Quanto alle storie pescate sul web, mi ritaglio un’oretta la sera prima, tra le 19 e le 20, per fare una carrellata dei siti che consulto più spesso e appuntarmi i link degli articoli più interessanti. Dopo le 20, per come sono fatte le redazioni web, difficilmente ci sono aggiornamenti. L’unico lusso che mi concedo sono i lunghi tragitti a piedi per tornare a casa quando stacco dal lavoro: in quelle camminate ascolto tendenzialmente Morning per capire se ho trascurato qualche storia interessante e poi stacco la spina.

Nel tempo che mi rimane, mangio, recupero un po’ di sonno e leggo qualcosa per piacere personale. Le newsletter mi piacciono, ad esempio, ma mentirei se ti dicessi che riesco a seguirle.
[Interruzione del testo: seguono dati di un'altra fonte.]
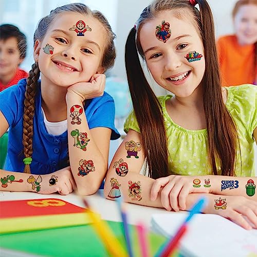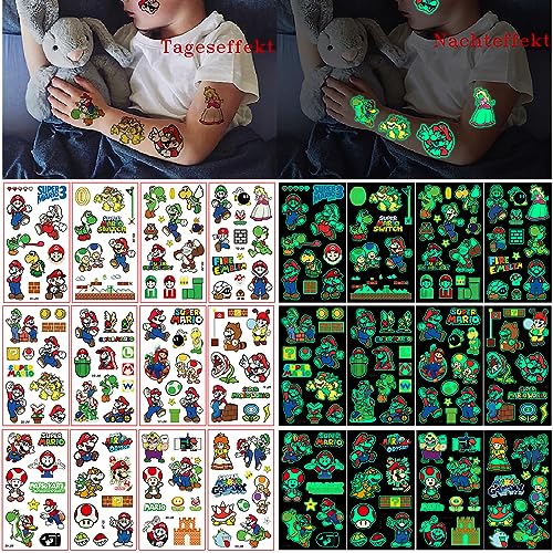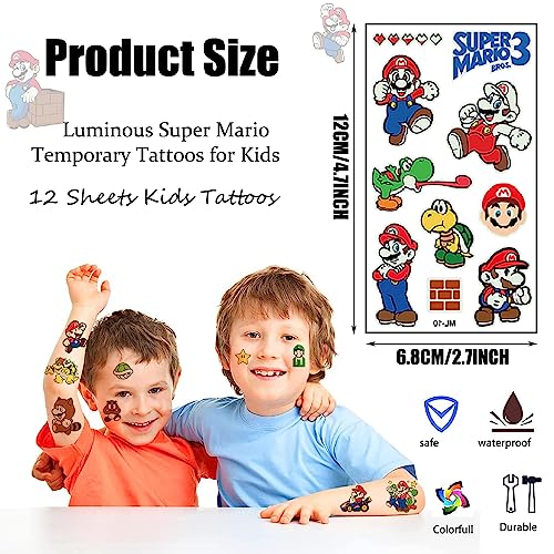 Luminous Super Mario Tattoos for Kids 12 Sheets,Cute Mario Temporary Childrens Tattoos Stickers,Glow Transfer Tattoos for Children Party Bag Fill

Dal lunedì al venerdì sto a Milano per lavoro, ma la mia famiglia è a Roma. Il venerdì stacco alle 10. Alle 10:30 sono sul treno e a pranzo arrivo a casa. Per 48 ore non ci sono per nessuno. Leggere longform mi piacerebbe da morire, ma raramente ci riesco. Il risultato sono decine di newsletter e che si accumulano nella posta. Ogni volta mi dico: le leggo domani.

Raffaele Castagno
Torniamo un attimo sulla rassegna. Camilla aveva una curiosità alla quale sono stato sottoposto anche io.

Camilla Obbi
La mia curiosità nasce da una riflessione che ho fatto osservando la newsletter di Raffaele e la tua rassegna stampa. Si tratta di lavori elaborati in contesti differenti e con obiettivi diversi. La domanda però è la stessa. Quanta percentuale di Nicola c’è dentro la tua rassegna stampa, in termini di selezione delle informazioni da presentare al pubblico?

Nicola Ghittoni
Tanto. Da una parte è fisiologico, proprio perché scelgo io. Devo dire, come premessa, che ho la fortuna di godere di grande libertà. Sono stato selezionato per un motivo e vado avanti nello stesso modo. I miei responsabili erano consapevoli di stare mettendo un oggetto delicato in mano a una persona tendenzialmente equilibrata. Io ho un’assenza quasi totale dai social. Non ho uno storico per cui mi si può rinfacciare un’invettiva, un predicozzo, l’adesione a una crociata. Avevo, insomma, una fedina pulita. Devi pensare che la rassegna stampa per un direttore di tg è una rogna. Quando gli altri direttori hanno rimostranze, vogliono sapere il motivo della loro eventuale assenza o del poco spazio ricavato durante la messa in onda, alzano il telefono e non chiamano me, ma il loro pari grado. Al momento non sono ancora arrivate lamentele da parte di quotidiani, quindi devo dedurre che la stima che sento nei miei confronti sia ben riposta. Come dicevo, ho la fortuna di avere un editore che mi lascia agire come ritengo opportuno, ma non dimentico che Sky TG24 è all’interno di un pacchetto di una pay TV. Il tg è parte importante della nostra offerta, ma non è mai stato la ragione per cui qualcuno si fosse abbonato a Sky: c’è chi lo ha fatto per i film e chi per il calcio, gli appassionati di Mastechef o di motori, i fan di X Factor o quelli di Gomorra. Insomma, i nostri abbonati sono persone di ogni tipo e il nostro compito è quello di offrire menu per tutti i palati, a maggior ragione da quando il tg è trasmesso anche in chiaro sul digitale terreste, intercettando così un’audience ancora più variegata e potenzialmente illimitata. Quindi ho ben chiaro che nessuno mi ascolta per chi sono o per le mie idee, ma per la credibilità che il canale si è costruito nel tempo. In me spero che il pubblico trovi un alleato, senza pregiudizi. Quanto alle storie che racconto, se mai mi venisse il dubbio su quali scegliere, non è mai un cattivo parametro buttarmi su quelle che mi hanno acceso di più l’interesse. Quando esco dalla rassegna trovo in redazione una caporedattrice che mi chiede regolarmente: “Cosa devo leggermi, stamattina?”. Io le rispondo istintivamente con gli articoli che mi hanno incuriosito di più. E se mi accorgo che non corrispondono a quelli che ho presentato in rassegna, capisco che ho sbagliato qualcosa e corro ai ripari, citandoli nel corso del resto della mattinata, nella trasmissione “Buongiorno” condotta da Tonia Cartolano.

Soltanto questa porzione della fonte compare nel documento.